L'accès existe mais reste inégal selon les villages. Des camps d'été et des ateliers ponctuels couvrent les bases de la programmation, souvent via des plateformes visuelles comme Scratch pour les plus jeunes. La cybersécurité est un sujet plus récent, généralement abordé dans le cadre de la sensibilisation à la sécurité en ligne plutôt que comme discipline technique avancée. Le développement de parcours plus structurés en cybersécurité et en programmation avancée reste un chantier en construction pour les prochaines années.

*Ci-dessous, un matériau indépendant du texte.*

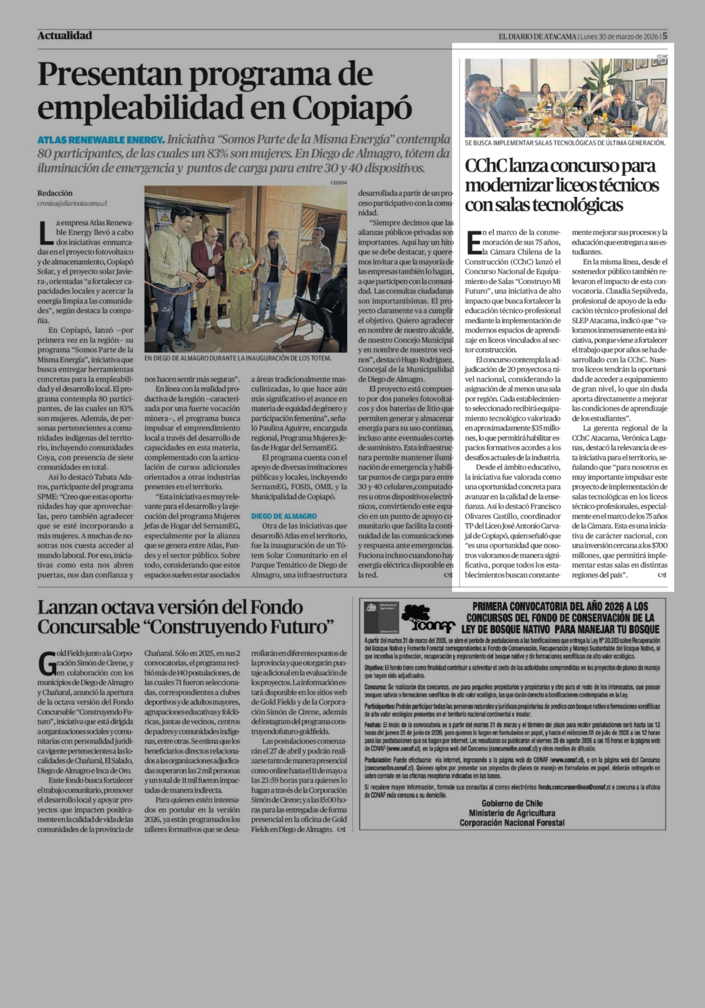 | Fecha: | 30-03-2026 | Sector: | Noticia general | Región: | Región de Atacama |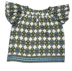 Jaclyn Smith Green Medallion Floral Print Blouse Size L Flowy Flutter Sleeve Top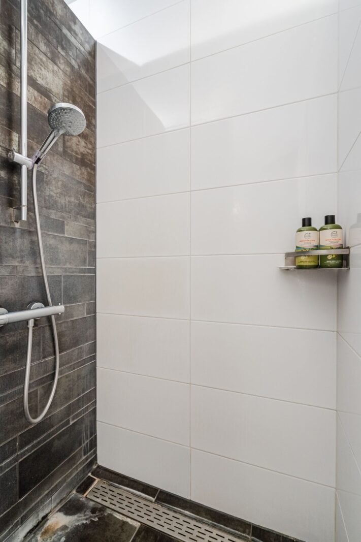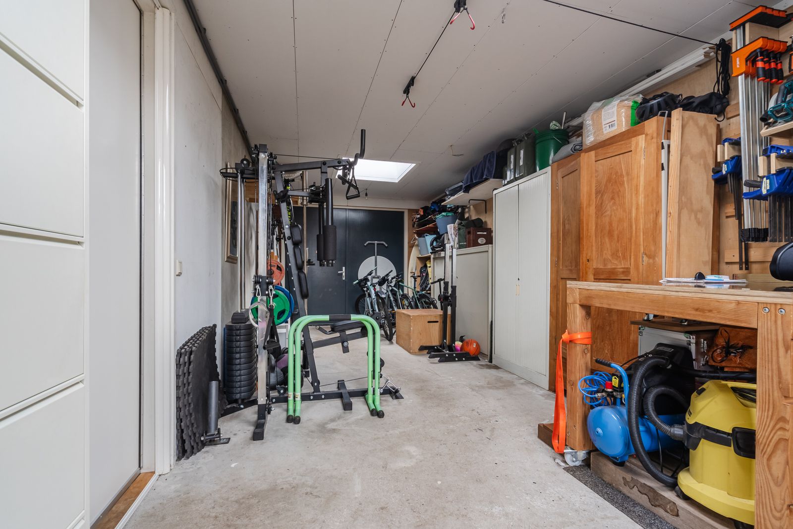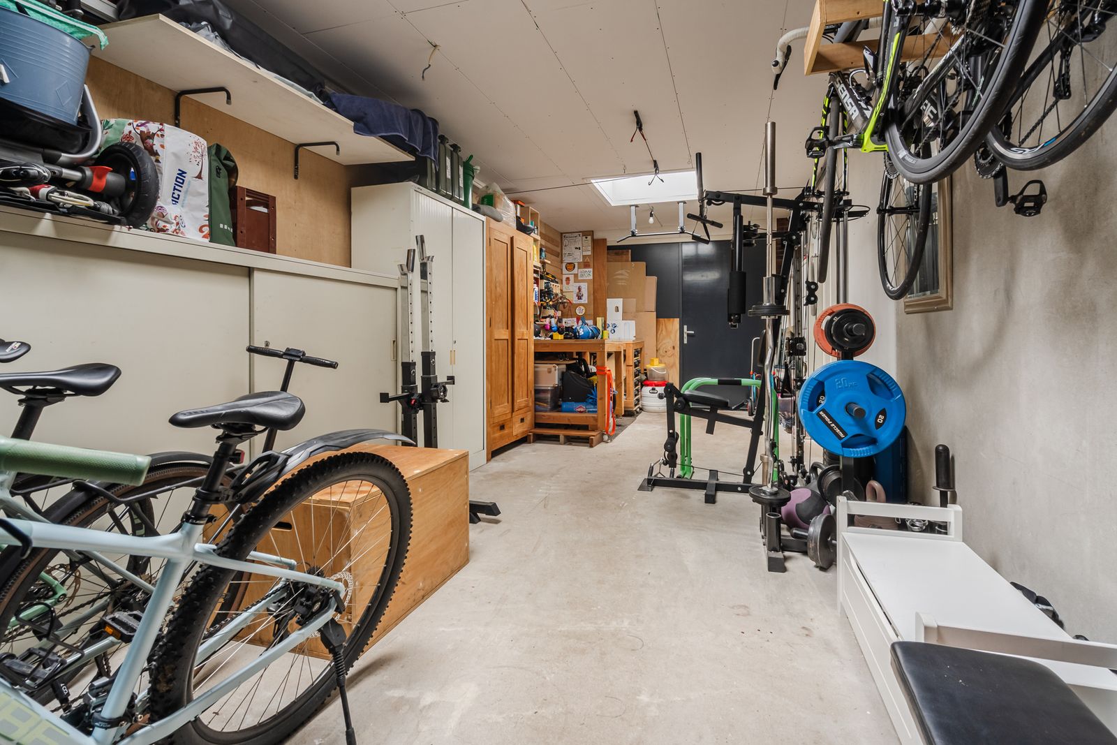 De ruime geïsoleerde garage heeft zowel aan de voorzijde als aan de achterzijde een dubbele deur, en voorzien van elektra/water en 2 geïsoleerde lichtkoepels.
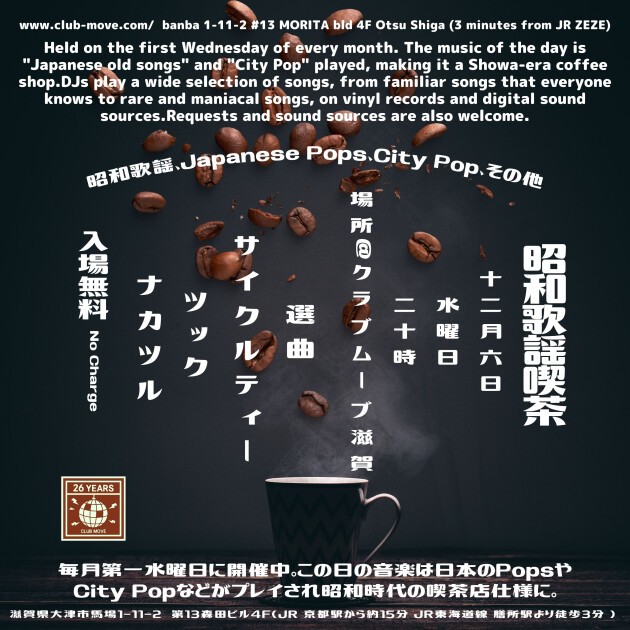Held on the first Wednesday of every month. The music of the day is "Japanese old songs" and "City Pop" played, making it a Showa-era coffee shop.DJs play a wide selection of songs, from familiar songs that everyone knows to rare and maniacal songs, on vinyl records and digital sound sources.Requests and sound sources are also welcome.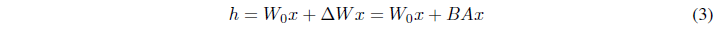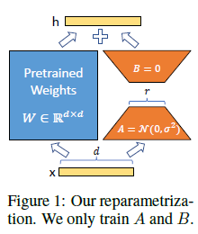 Figure 1: 우리의 재파라미터화. 우리는 A와 B만 훈련합니다.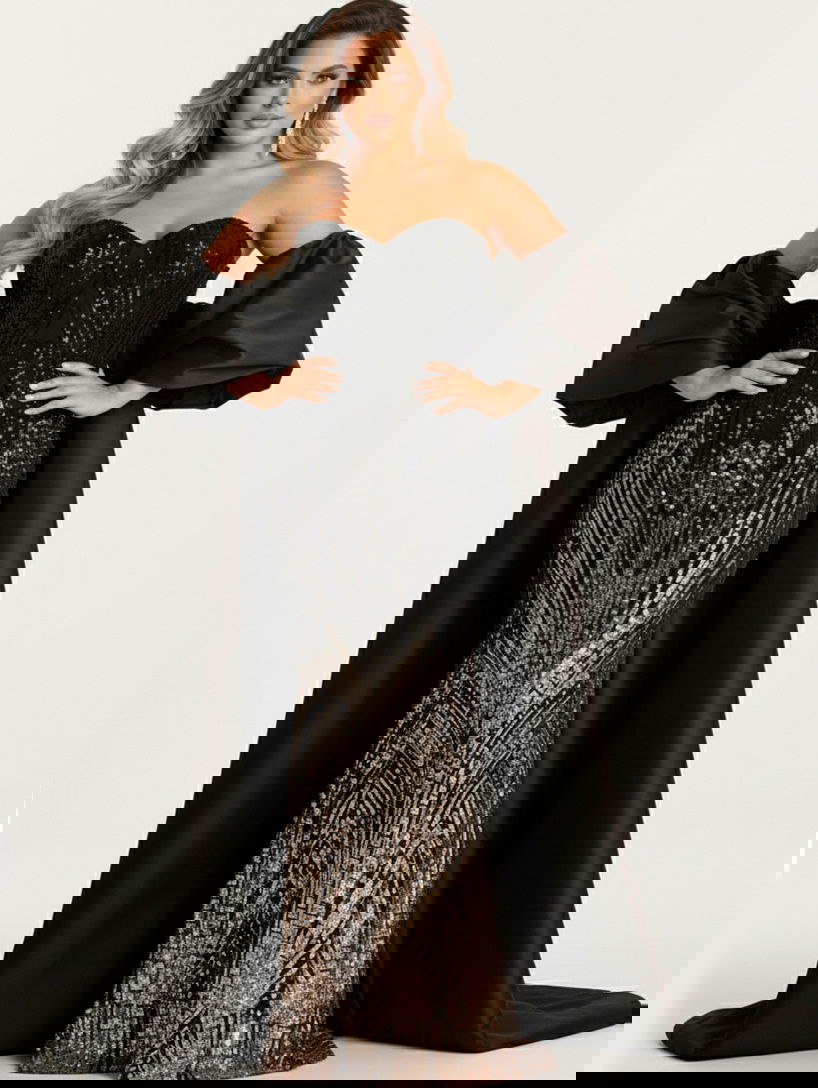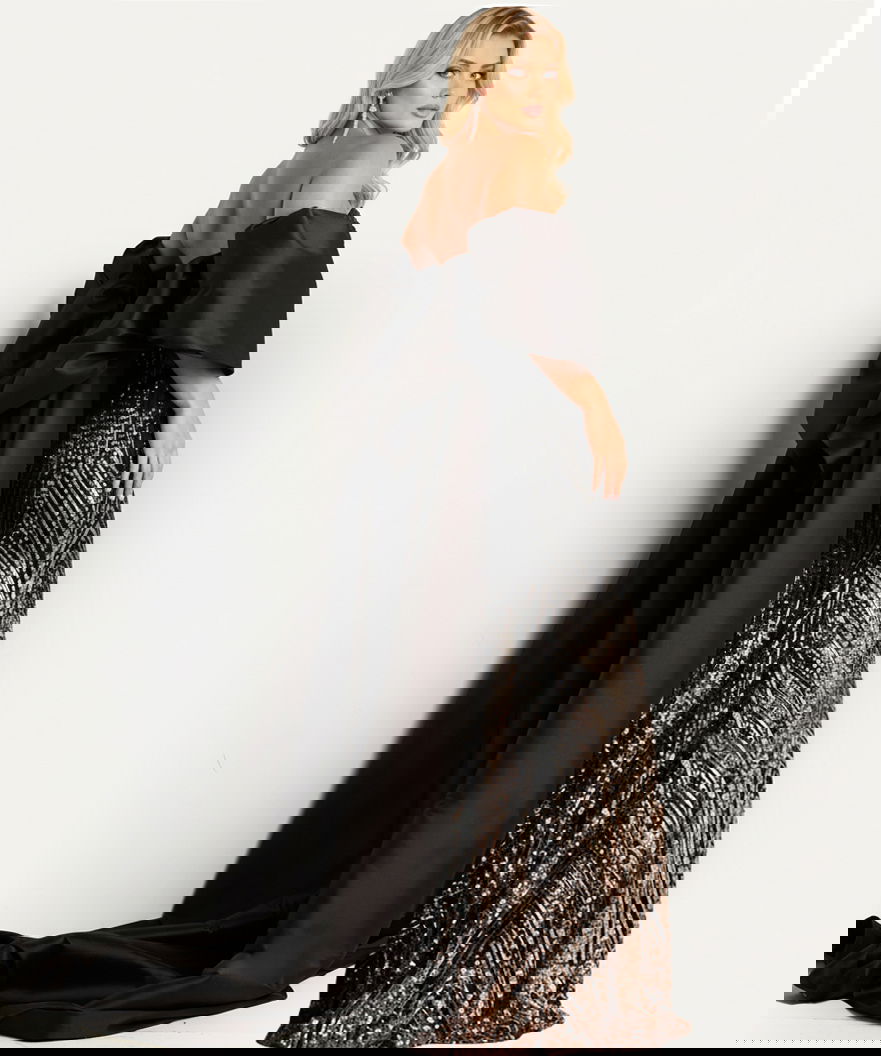 Available in a striking combination of black and brown, this unique color choice adds drama and intrigue, making the dress stand out in any crowd.

Quels obstacles logistiques freinent le déploiement de matériel informatique en classe ?
Le transport et la réparation sont les deux obstacles principaux. Le matériel lourd ou volumineux doit être commandé pour la rotation maritime estivale, ce qui impose une planification budgétaire annuelle stricte. Quand un ordinateur tombe en panne, la réparation peut nécessiter l'envoi de la pièce au sud du Québec puis son retour, un processus qui peut prendre plusieurs semaines. Certaines écoles ont développé des compétences locales de dépannage de premier niveau pour limiter cette dépendance, mais les réparations complexes restent tributaires du sud.